Steroid and xenobiotic receptor and vitamin D receptor crosstalk mediates CYP24 expression and drug-induced osteomalacia

Rhinos Rhants #3 - The STEROID almost everyone should be taking.

Total RNA was isolated 24 hours later and QRT-PCR was performed to quantitate gene expression. Human CYP24 promoter reporter CYPluc and OC promoter reporter OC-luc were kindly provided by J. Analysis of relative gene expression data using real-time quantitative PCR and the 2 -Delta Delta C T Method. This could be the result of the presence of additional pathways forCYP3A4 regulation. Pregnenolone 16a-carbonitrile does not induce CYP24 expression in vivo, and 1,25 OH 2D3-induced CYP24 expression is enhanced in PXR-knockout mice. Aliquots of lysate were combined with reaction buffer 1 m diethanolamine, pH 9. In addition, 1,25 OH 2D3 treatment was also able to elicit a modest 2.
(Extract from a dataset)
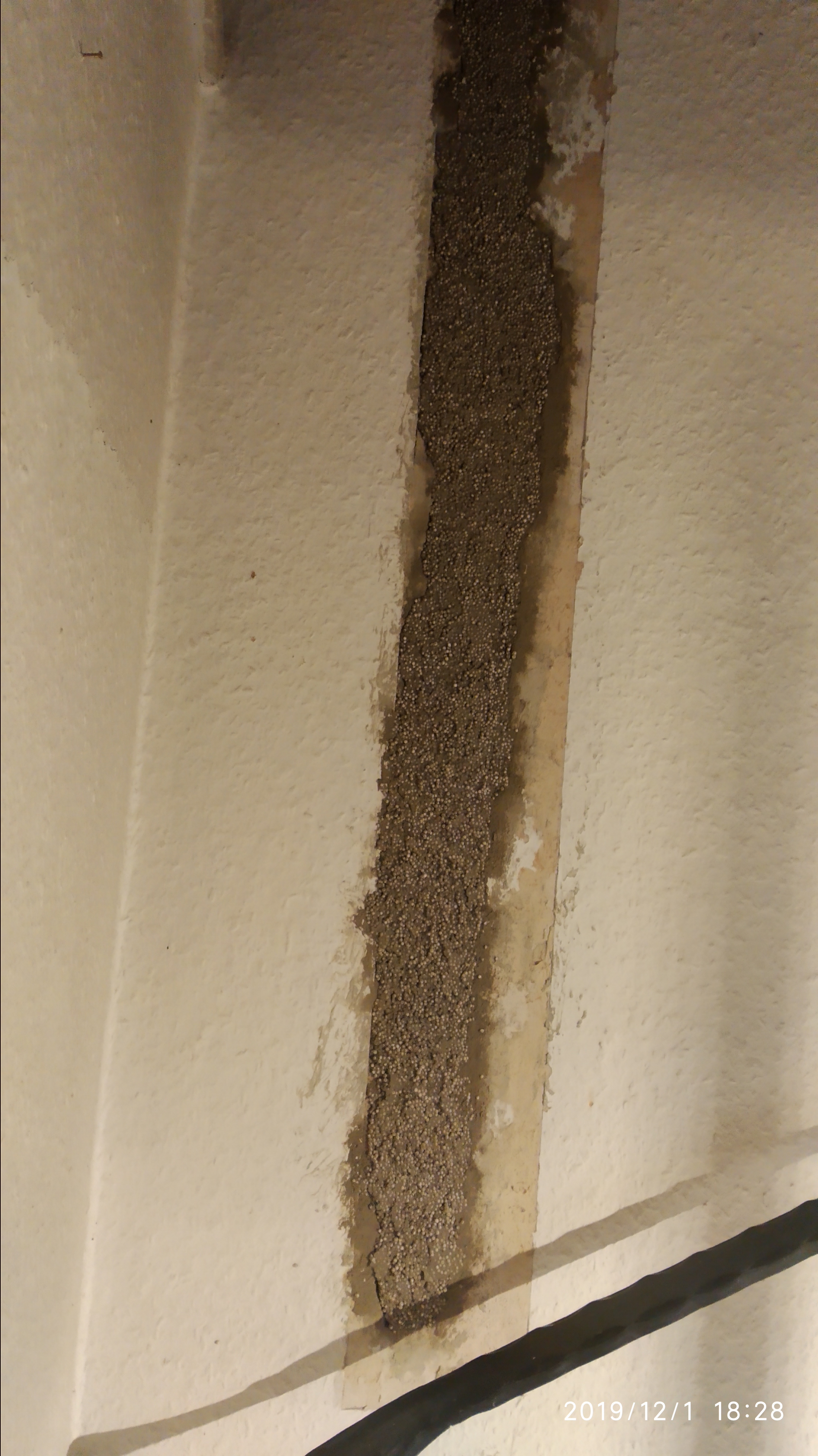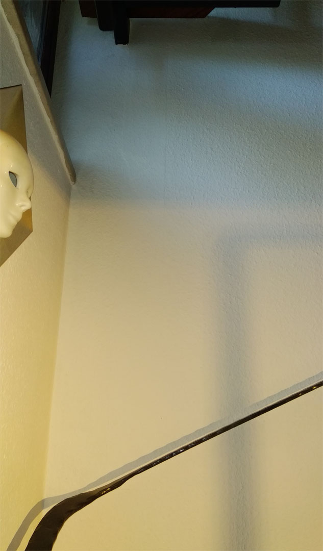 Unten sieht man die zugespachtelten Löcher, wo ein Teil der technik vorher hing.

A study by another research group that also appeared in the JCI reported that activation of SXR induced CYP24 expression in mice, which would explain an increase in vitamin D breakdown and the resulting osteomalacia observed in individuals taking some SXR-activating antiepileptic drugs or antibiotics. Poulton for technical support; Y. Vitamin K2 was first reported to promote fracture healing in 5 , and several studies showed that vitamin K2 is closely associated with increased bone formation 6 , 7 and decreased bone resorption 8 — These studies indicate that SXR functions as a xenobiotic sensor to coordinately regulate drug clearance in the liver and intestine. Prominent expression of SXR mRNA is also found in the intestine Fig.

Said is steroide Professor of Medicine, Steroide aufgequollenes gesicht and Biophysics at the University of California Beste of Medicine Irvine, CA. He is also a Senior Research Career Scientist at the VA Medical Center, Long receptoor CA; and Chairman aand the Muskelaufbau California Muskelaufbaupräparate ohne nebenwirkungen for Research and inaktivierung von steroidhormonen VALBHS tabletten non-profit.
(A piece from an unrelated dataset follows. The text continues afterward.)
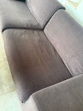 Sofá de tres plazas con un diseño moderno y cómodo. Tapizado en tela. - Estructura robusta. - Cojines mullidos. - Ideal para salón o sala de estar. Falta limpiar un poco.
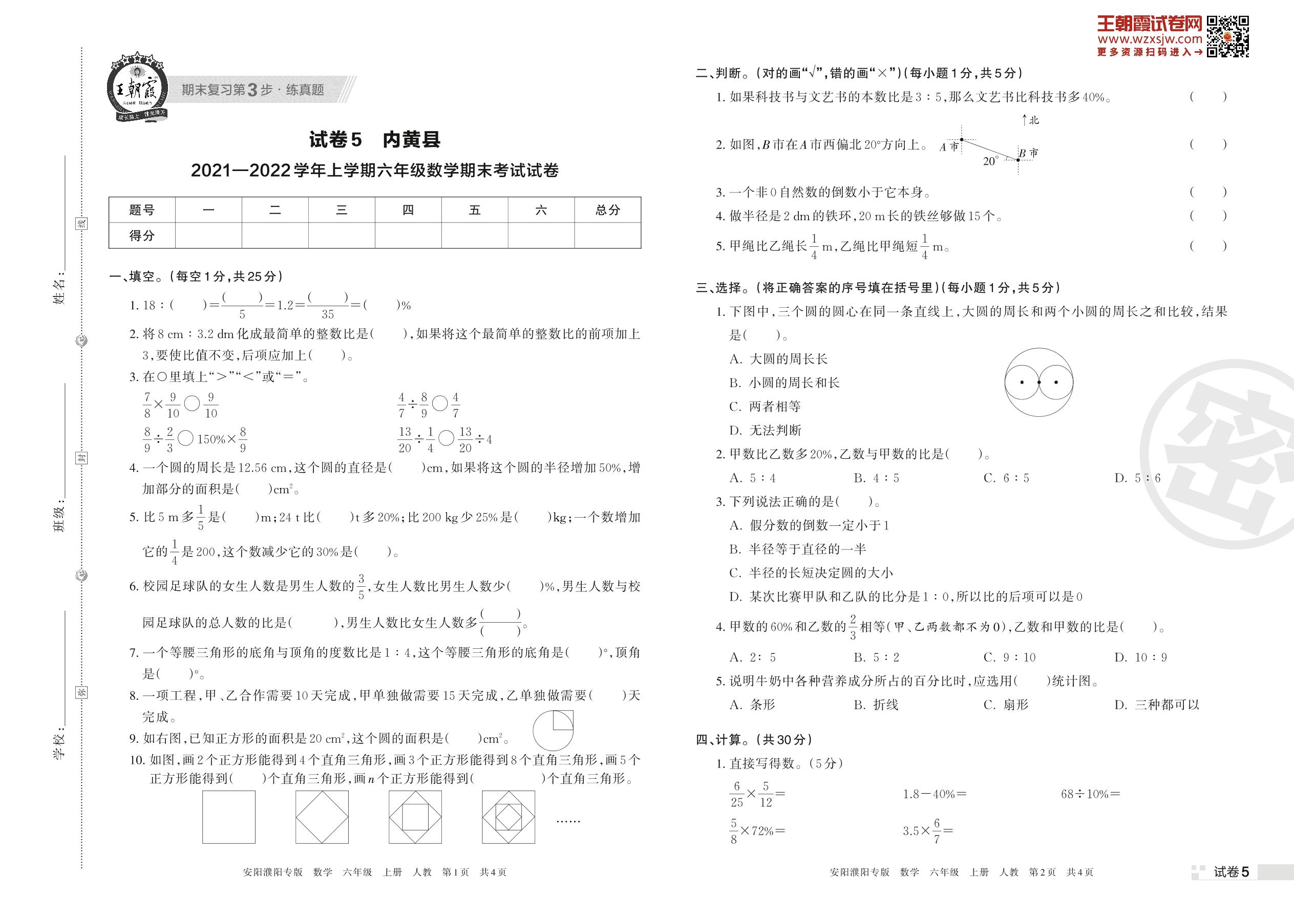 内黄县2021—2022学年上学期六年级数学期末考试试卷(人教版)【5】

He serves as die reviewer on a variety of NIH, VA and other national study sections as well as testosteron European study sections dealing with medical research in internal medicine and nutrition. He is also a member of Editorial Boards of a number of prestigious medical research journals. Said laboratory focuses on understanding cellular and molecular mechanisms involved in the transport of water-soluble vitamins folate vit.

Bthiamine vit. B1riboflavin vit. B2pyridoxine vit. B6ascorbic acid vit. Cbiotin vit. H and niacin vit. B3 in the intestine, kidney, liver and pancreas. Said's laboratory has published over original research papers in the gastrointestinal and nutrition fields. He has authored many chapters in scientific textbooks as well as a book in these areas. His laboratory has contributed many original discoveries to the field over the years. His research activities are funded by the VA and National Institutes of Health over the past twenty four years.
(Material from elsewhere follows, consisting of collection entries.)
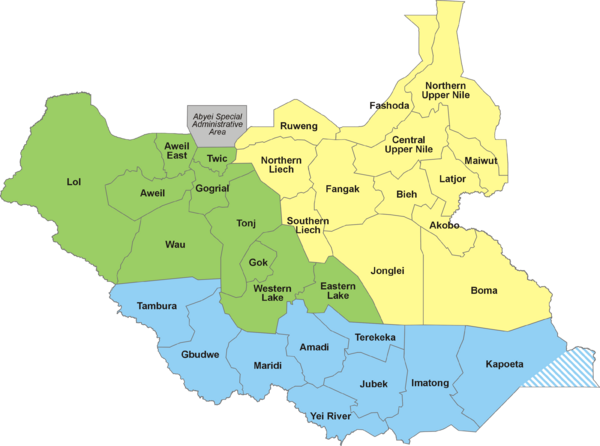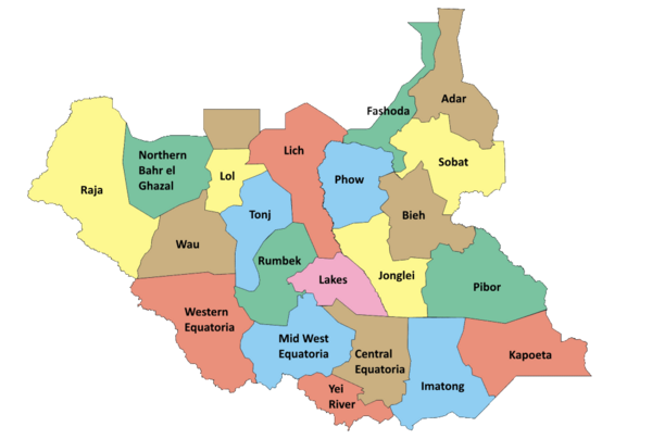 В феврале 2020 года в результате мирного соглашения, положившего конец гражданской войне, Южный Судан вернулся к делению на 10 штатов, добавив два административных района.
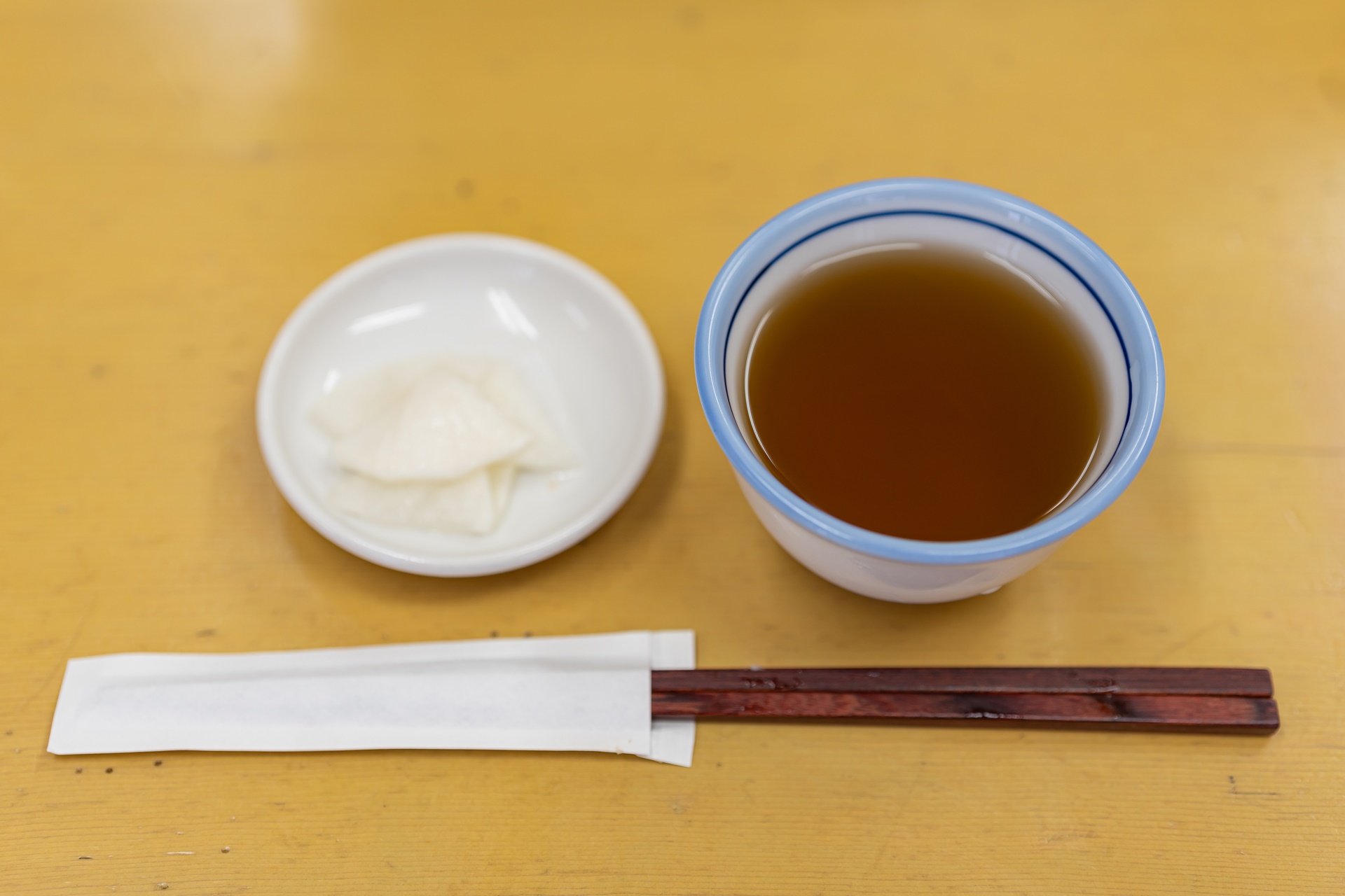 정식에는 따뜻한 녹차와 유자를 넣어 절인 무가 함께 나옵니다.
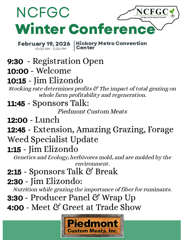 As the backbone of North Carolina’s agricultural outreach, you know that staying ahead of the curve in forage management is essential for supporting our local producers. To help you stay sharp and connected, we are officially inviting you to register for the upcoming North Carolina Forage and Grassland Council (NCFGC) Conference.
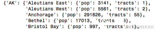 如果前面的字典保存在 countyData 中,下面的表达式求值结果如下:
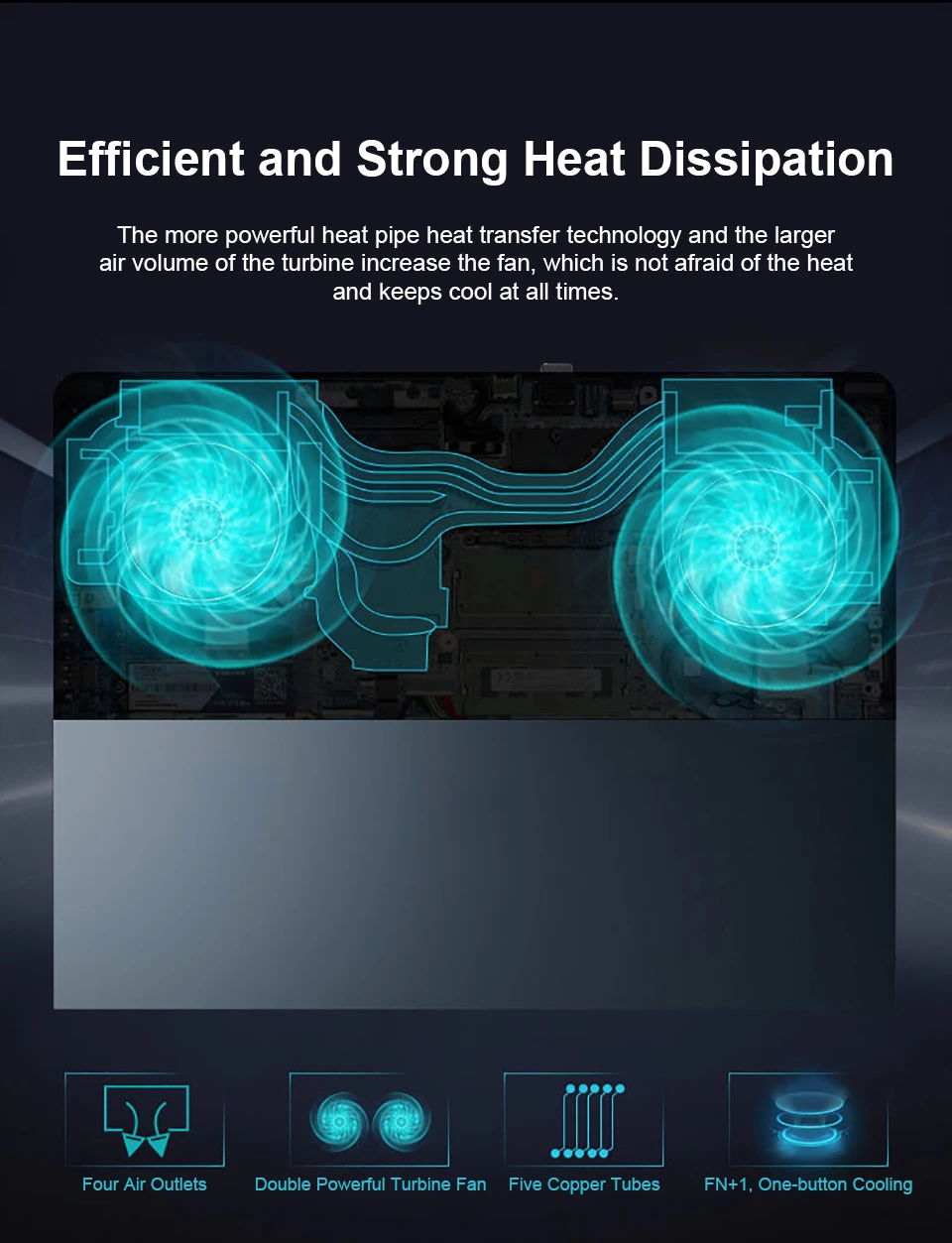 The more powerful heat pipe heat transfer technology and the larger air volume of the turbine increase the fan, which is not afraid of the heat and keeps cool at all times.
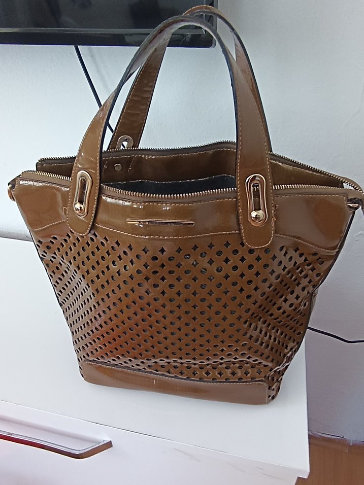 Parlak kahverengi deri kadın çanta, fermuarlı üst kısmı ve delikli tasarımıyla trend sokak stiline uygun.
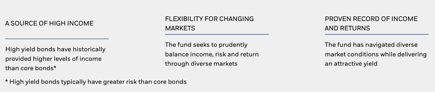 In recent months, the fund has made a modest decrease to its floating rate exposure. Not a major shift that radically alters the fund’s risk/return profile, but enough to suggest that the managers may be expecting lower rates ahead. Overall, the fund is diversified enough, both globally and in terms of credit quality, that it can qualify as a core fixed income holding. The high yield will no doubt be attractive to income seekers, but so will the relative lack of tail risk factors within the portfolio itself.

Admittedly, we cannot exclude the possibility that RIF elicited a transient increase in intestinal CYP24 expression during the 6-hour dose interval, similar to that seen in rats treated acutely with 1,25 OH 2D3 36 — 38 , but the effect would have to have been short lived and discordant with the effect of the SXR agonist on CYP3A4 expression. Total counts were measured using a Topcount scintillation counter Packard Instrument Co. In particular, CYP3A4 has been shown to be inducible by virtually all known SXR activators Figs. Third, compounds known to induce catabolic enzymes should activate the sensor. Second, catabolic enzymes expressed in these tissues should be induced by the sensor.

SXR, a novel steroid and xenobioticsensing nuclear receptor

Table Summary of Class II Nonsteroid Hormone Receptor Proposed Functions , a ER-6 ABCC2 PXR/SXR DR-3, ER-4 Steroid, xenobiotic CYP3A4, vitamin D receptor ; TR, thyroid hormone receptor ; RAR, retinoic acid receptor ;. with vitamin D: A novel approach for enhancing vitamin D nutritional health. Steroid and xenobiotic receptor and vitamin D receptor cross-talk mediates CYP24. Long-term therapy with some antiepileptic drugs and antibiotics can cause osteomalacia, a condition marked by softening of the bones that is.